··· Records shown

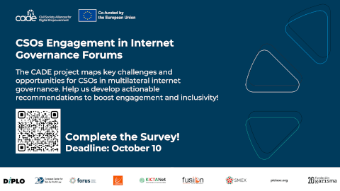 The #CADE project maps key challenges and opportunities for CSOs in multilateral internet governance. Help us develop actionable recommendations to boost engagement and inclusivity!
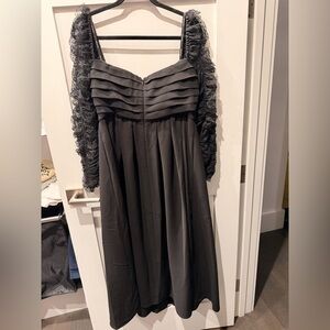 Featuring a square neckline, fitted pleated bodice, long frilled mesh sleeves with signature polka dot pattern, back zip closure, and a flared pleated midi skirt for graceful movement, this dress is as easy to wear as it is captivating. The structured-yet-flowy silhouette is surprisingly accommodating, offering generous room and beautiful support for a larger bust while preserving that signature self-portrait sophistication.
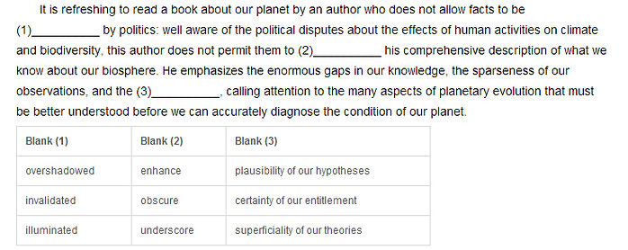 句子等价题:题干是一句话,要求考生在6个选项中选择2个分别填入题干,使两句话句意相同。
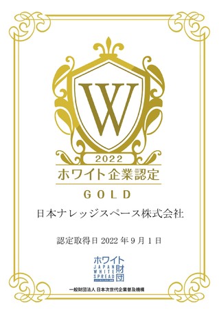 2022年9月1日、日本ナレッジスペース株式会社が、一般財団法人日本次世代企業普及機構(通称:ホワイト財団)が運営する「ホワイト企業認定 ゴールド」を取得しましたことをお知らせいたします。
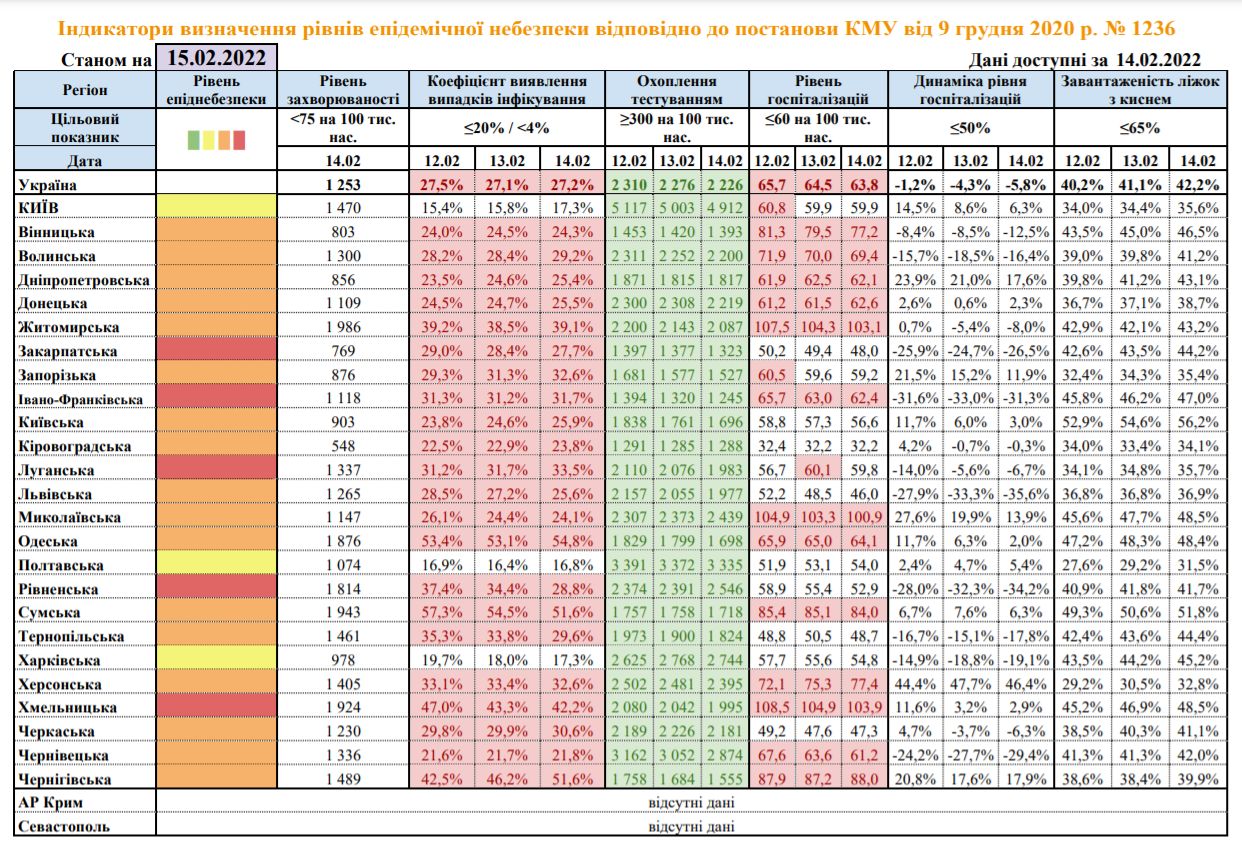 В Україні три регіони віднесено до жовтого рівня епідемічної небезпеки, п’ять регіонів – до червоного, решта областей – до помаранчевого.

······

[Task requirements]:
Beginning at the line containing "2022年9月1日、日本ナレ", restate every line through the end of the material above exactly; omit the pictures.

[Response to the exercise]:
 2022年9月1日、日本ナレッジスペース株式会社が、一般財団法人日本次世代企業普及機構(通称:ホワイト財団)が運営する「ホワイト企業認定 ゴールド」を取得しましたことをお知らせいたします。
 В Україні три регіони віднесено до жовтого рівня епідемічної небезпеки, п’ять регіонів – до червоного, решта областей – до помаранчевого.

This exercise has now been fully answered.